煽られるようにして木々がサァーっと枝や葉を鳴らす。



どう見ても、どう考えても森の中だ。


「………………」


今度は自分の体を見てみる。


背後にある木に背を預けて地面に座っており、現代人としては考えられないほどゴワゴワした布の服と同様のズボンを身につけていた。

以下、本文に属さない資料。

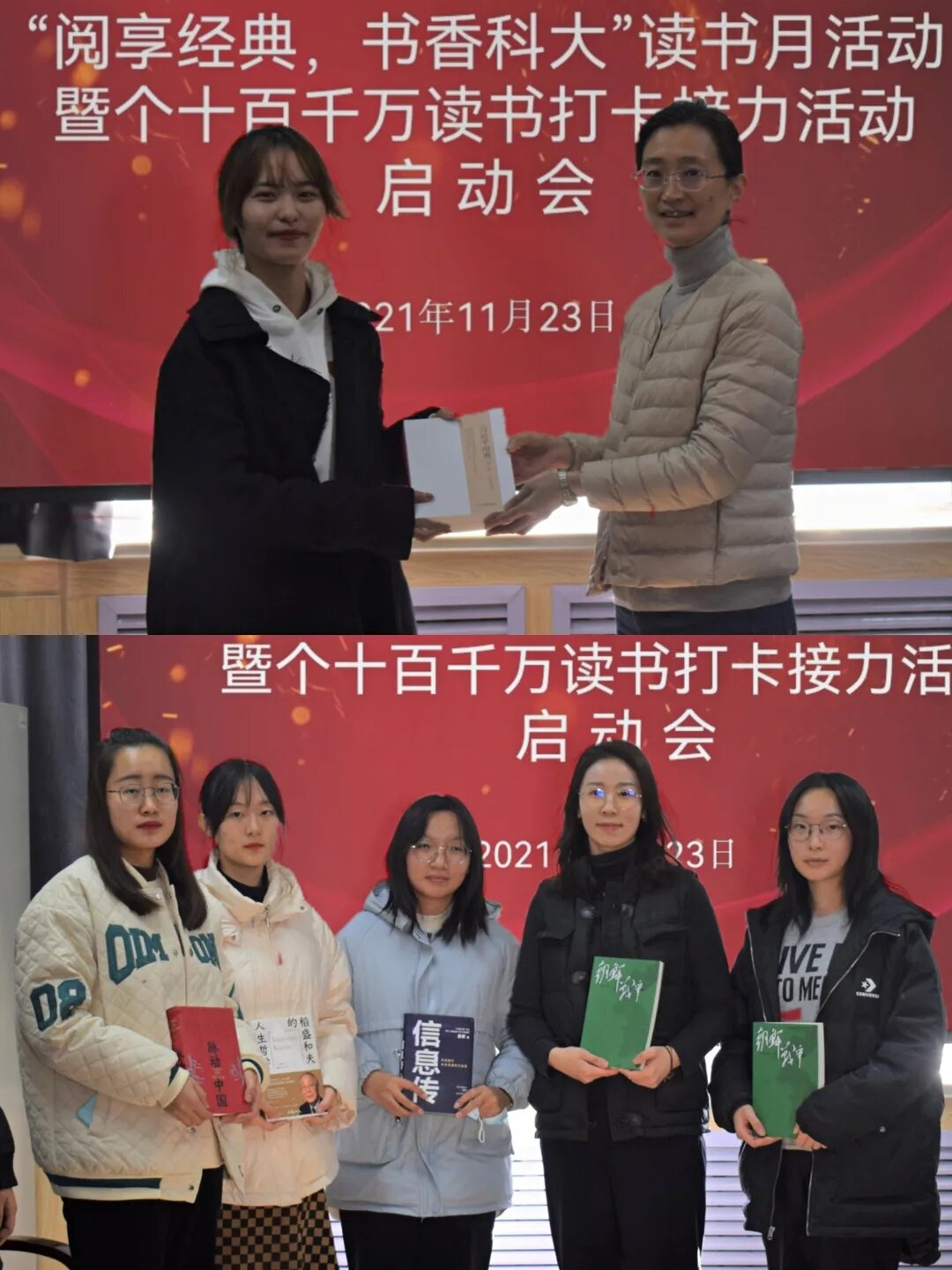 11月23日下午,350vip8888新葡的京集团举行“阅享经典 书香科大”读书月活动暨个十百千万读书打卡接力活动启动仪式。在读书启动会上,王晓娜书记为350vip8888新葡的京集团学生会执行主席孙倩茹授书,王雨昕老师为学生代表授书。本次个十百千万读书打卡接力计划,350vip8888新葡的京集团学生会选取了《习近平用典》和《习近平与大学生朋友们》两本书。启动会上,学生会全体成员表示,将以此为契机,以学生会例会、结合自身经历谈看法等形式总结本学期工作当中的成功经验,自查自改不足之处。

そして、普通の日本人だった俺は当然の如く黄色人種であり、黄色っぽい肌色をしていたはずなのだが……


記憶にある肌より随分白くなった肌。


自分の記憶より小さな指。


目を上に向けると僅かに見える前髪は焦げ茶だったはずが何故か金色だ。


「これは…………本当のことなんだろうなぁ……」

蒼い空を見上げて呟いた。


どうやら俺はまだ死後の世界には行けないらしい。


真っ白な部屋(?)から居なくなる?とばされる?前に思いだした記憶や知識。


それは、この世界で生きていた俺の前世のモノだった。


フェルテル・メイフレムとして魔王をやっていた頃の。


「ふぅ……とりあえず、力が使えるのか試さないとなぁ……」


何て言ったって、この世界には魔物がいる、魔法があるファンタジーな世界であり、この世界は死後の世界などではなく生きるものがいる世界だから。


何故そんなことが分かるのかというと、俺には3つほど前世についてとは違う知識が与えられた。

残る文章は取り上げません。